**INSTRUCTIONS FOR THE TASK:**
Here, the job is to give back every entry below unchanged, omitting pictures.

**GIVEN DATA:**
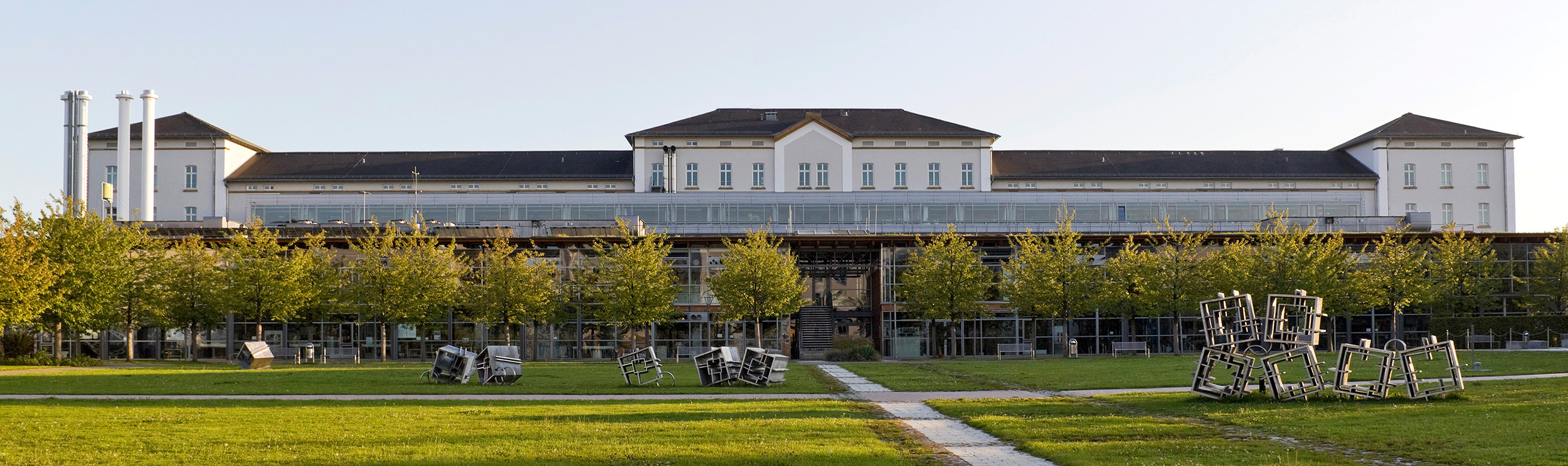 Department of Mechanical Engineering and Environmental Engineering at the University of Applied Sciences (FH) Amberg-Weiden
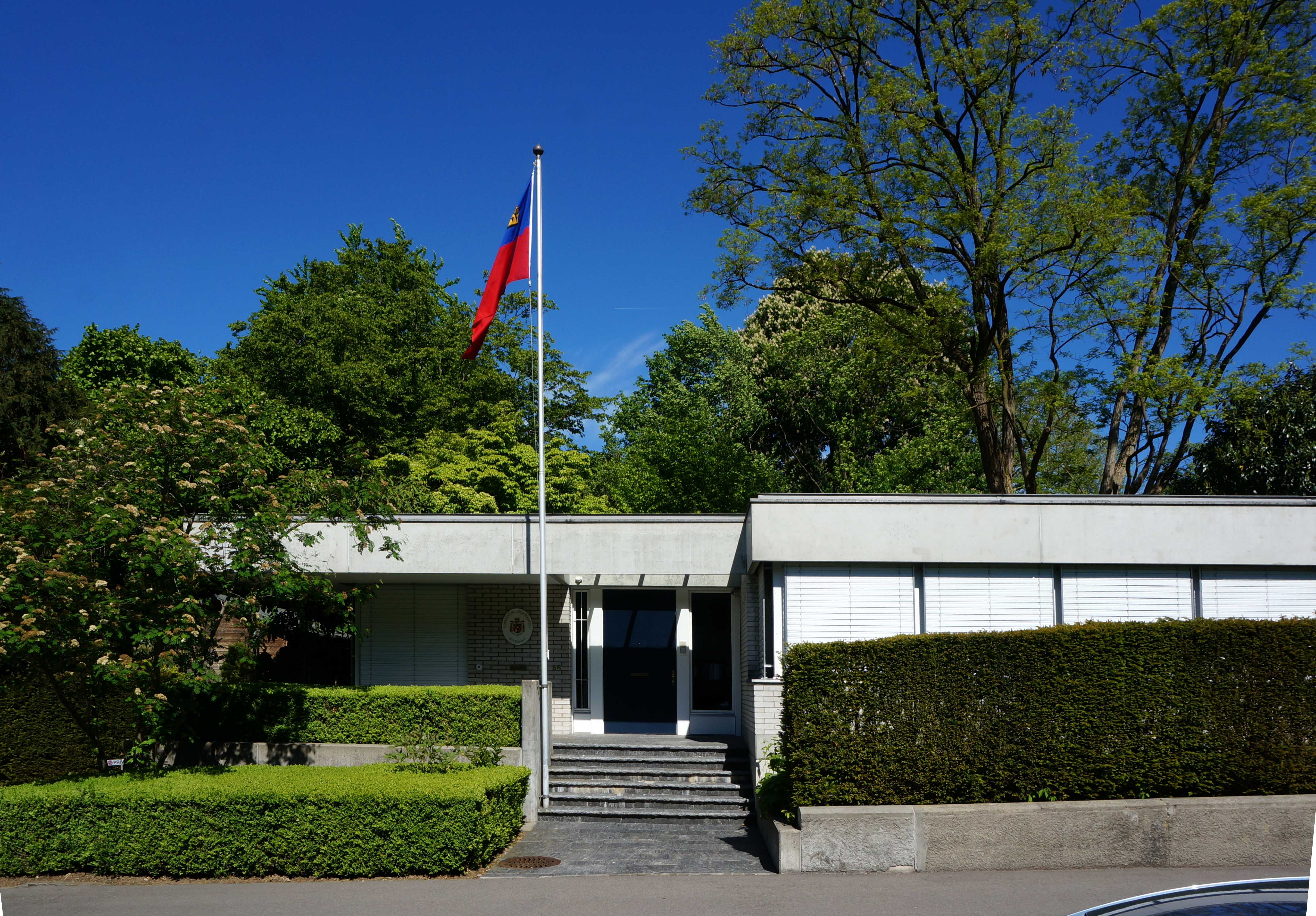 Bern, Willadingweg 65. Embassy of Liechtenstein in Bern.
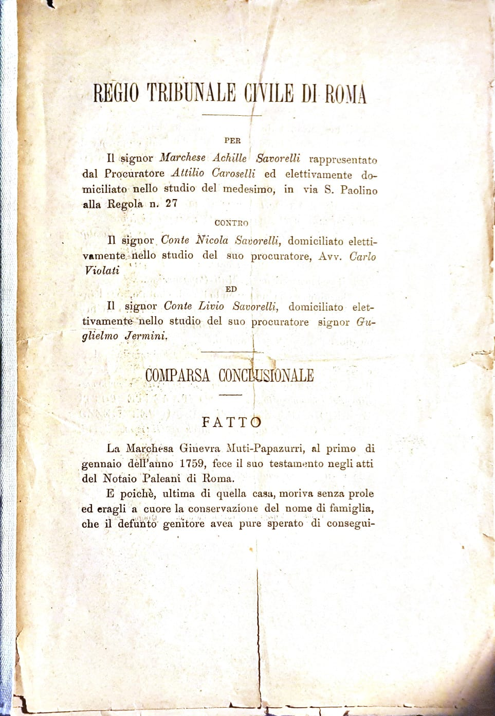 Achille Savorelli's final appearance
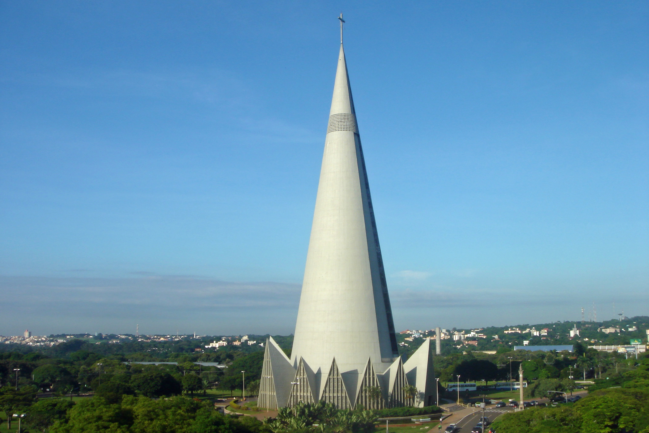 Cathedral of Maringá, Paraná, Brazil
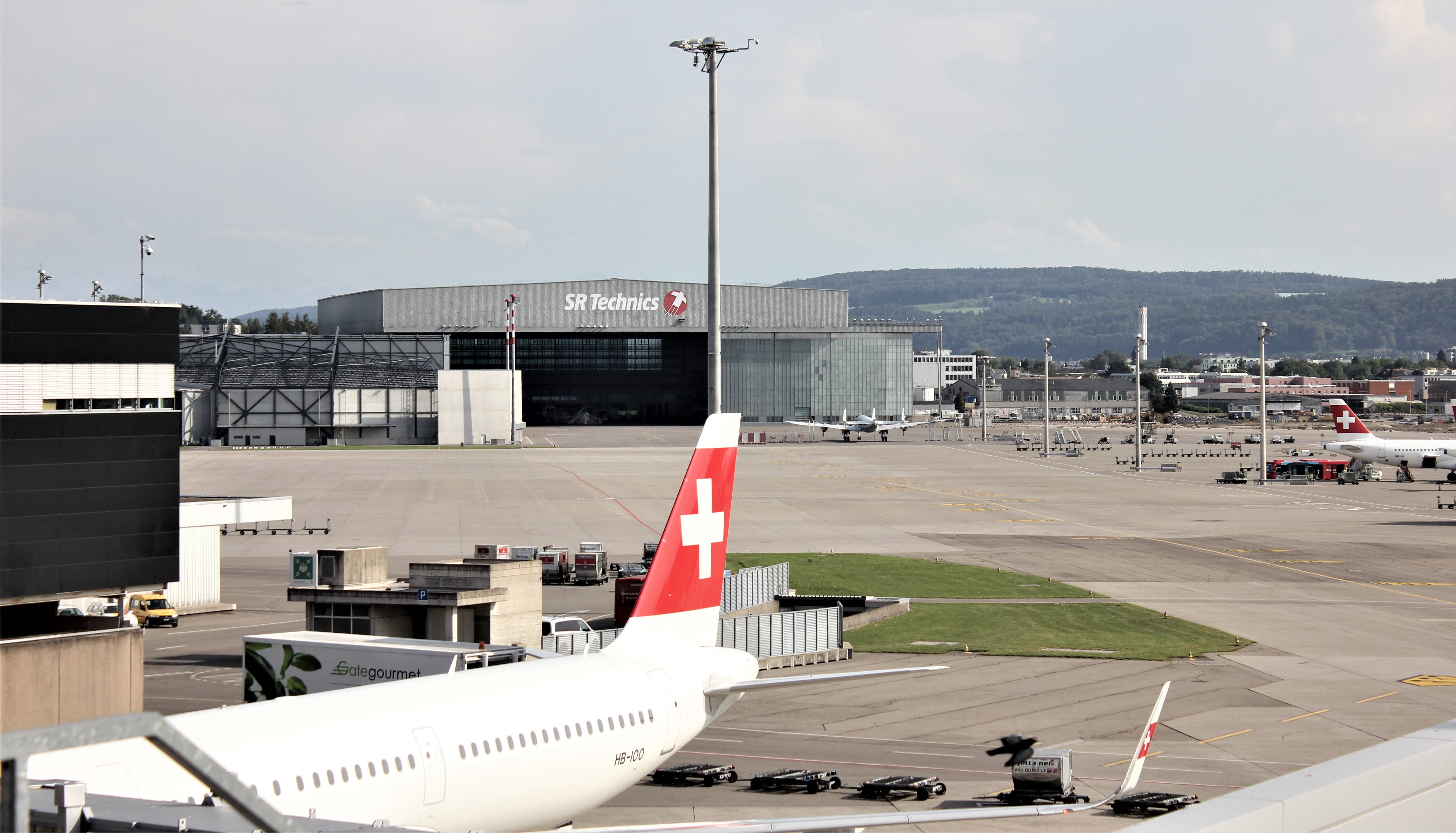 SR Technics hangar at Zurich International Airport seen from the viewing platform

**COMPLETED TASK:**
 Department of Mechanical Engineering and Environmental Engineering at the University of Applied Sciences (FH) Amberg-Weiden
 Bern, Willadingweg 65. Embassy of Liechtenstein in Bern.
 Achille Savorelli's final appearance
 Cathedral of Maringá, Paraná, Brazil
 SR Technics hangar at Zurich International Airport seen from the viewing platform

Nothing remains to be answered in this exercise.